The CPSE.2 enquiries should be raised in addition to the CPSE.1 enquiries where the Property is subject to commercial tenancies (whether or not the Property itself is freehold or leasehold). CPSE.2 does not deal with any residential tenancies to which the Property may be subject. The Seller is the current landlord in relation to the tenancies to which the Property is subject.
These guidance notes:
Enable the enquiries to be presented in a concise form without the need for illustrative examples.
Are intended to help the legal advisers, the Buyer and the Seller to understand why individual enquiries are raised, how the enquiry should be answered and what may need to be done depending on the nature of the reply.
The Buyer may wish to keep a set of the guidance notes with the Seller's replies to the enquiries to assist the Buyer in understanding and using the information in the replies both during the period of the Buyer's ownership and later on a subsequent sale of the Property.
The enquiries stand on their own and do not depend on the guidance notes for interpretation.
This document may be used freely and without charge subject to the following:
The user identifies this document, and any part or parts of it, as GN/CPSE.2 (version 2.0) and as being part of the suite of documents comprising the Commercial Property Standard Enquiries (CPSEs). Details of these documents can be seen at www.practicallaw.com/Article_ID=24974.

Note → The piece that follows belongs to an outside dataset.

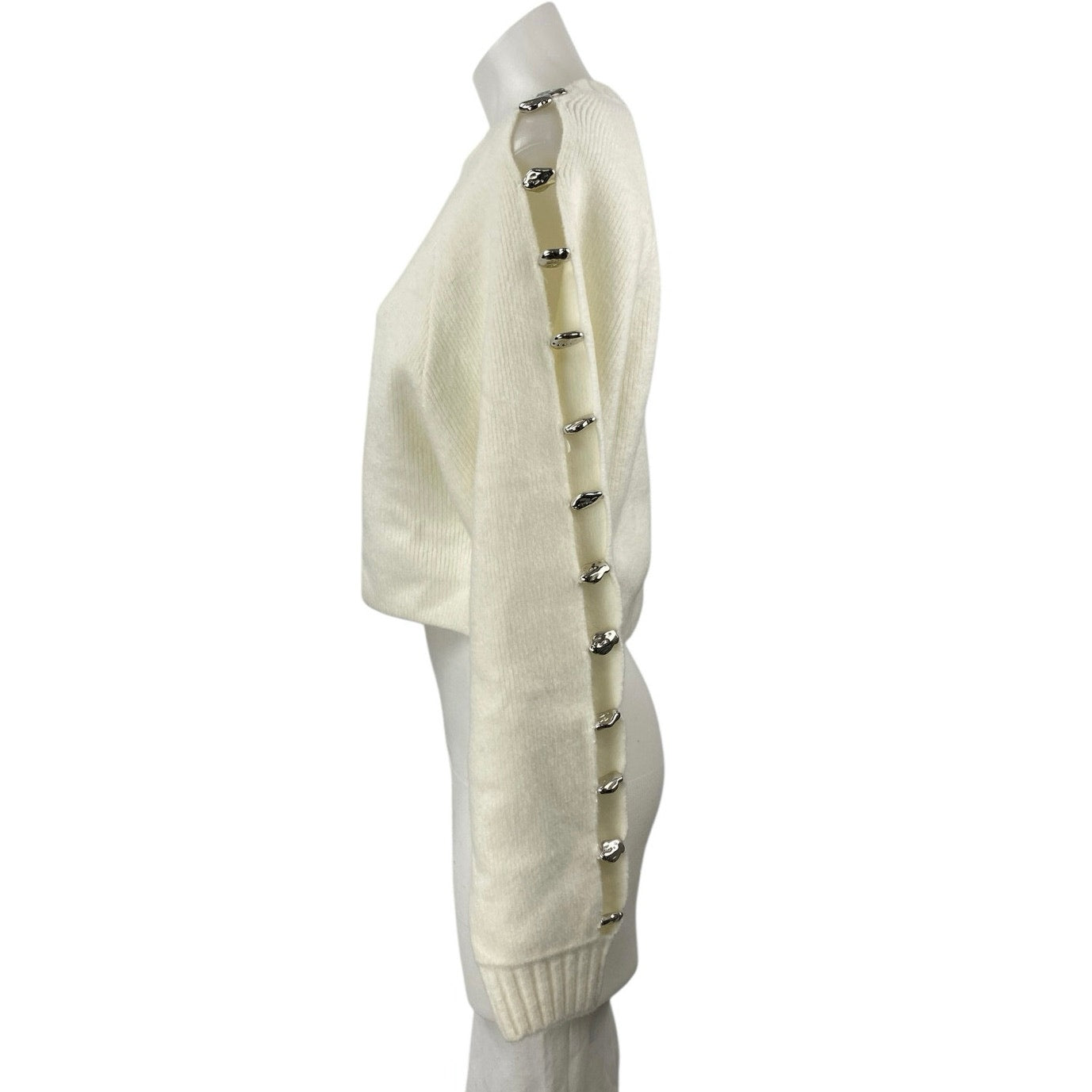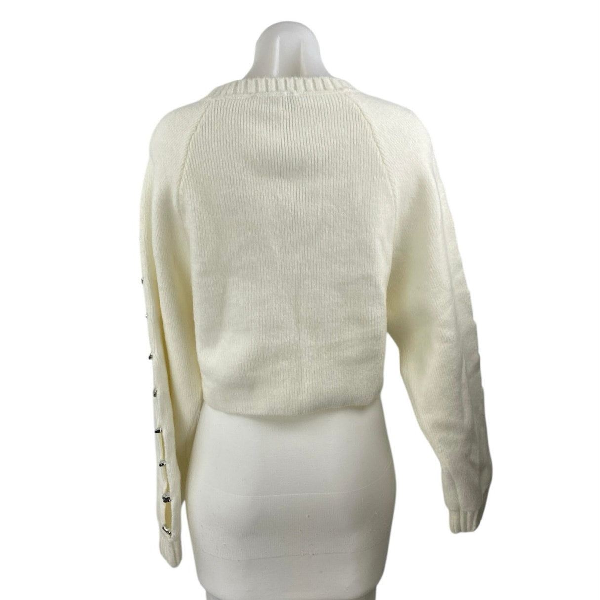 Zara Women's Cream White Studded Beaded Cutout Long Sleeve Crop Sweater Top Size S

Use of the CPSEs, including the guidance notes, is at the user's own risk. Neither the participating law firms who prepared the CPSEs, their partners and employees, the British Property Federation nor Practical Law Company Limited represent that the CPSEs, including the guidance notes, reflect or will be kept up-to-date to reflect modern law or practice relating to commercial property transactions, that the guidance notes comprise complete or accurate statements of the law to which they relate or that comments and suggestions within the guidance notes are appropriate or sufficient for any particular transaction. Such law firms, their partners and employees, the British Property Federation and Practical Law Company Limited exclude all liability to the user and the user's clients for any losses, liabilities, damage or other consequences arising from the CPSEs, including the guidance notes, failing to reflect modern law or practice relating to commercial property transactions, the guidance notes not comprising complete or accurate statements of the law to which they relate or for comments and suggestions within the guidance notes not being appropriate or sufficient for any particular transaction. A list of the participating law firms can be seen at www.practicallaw.com/Article_ID=16220.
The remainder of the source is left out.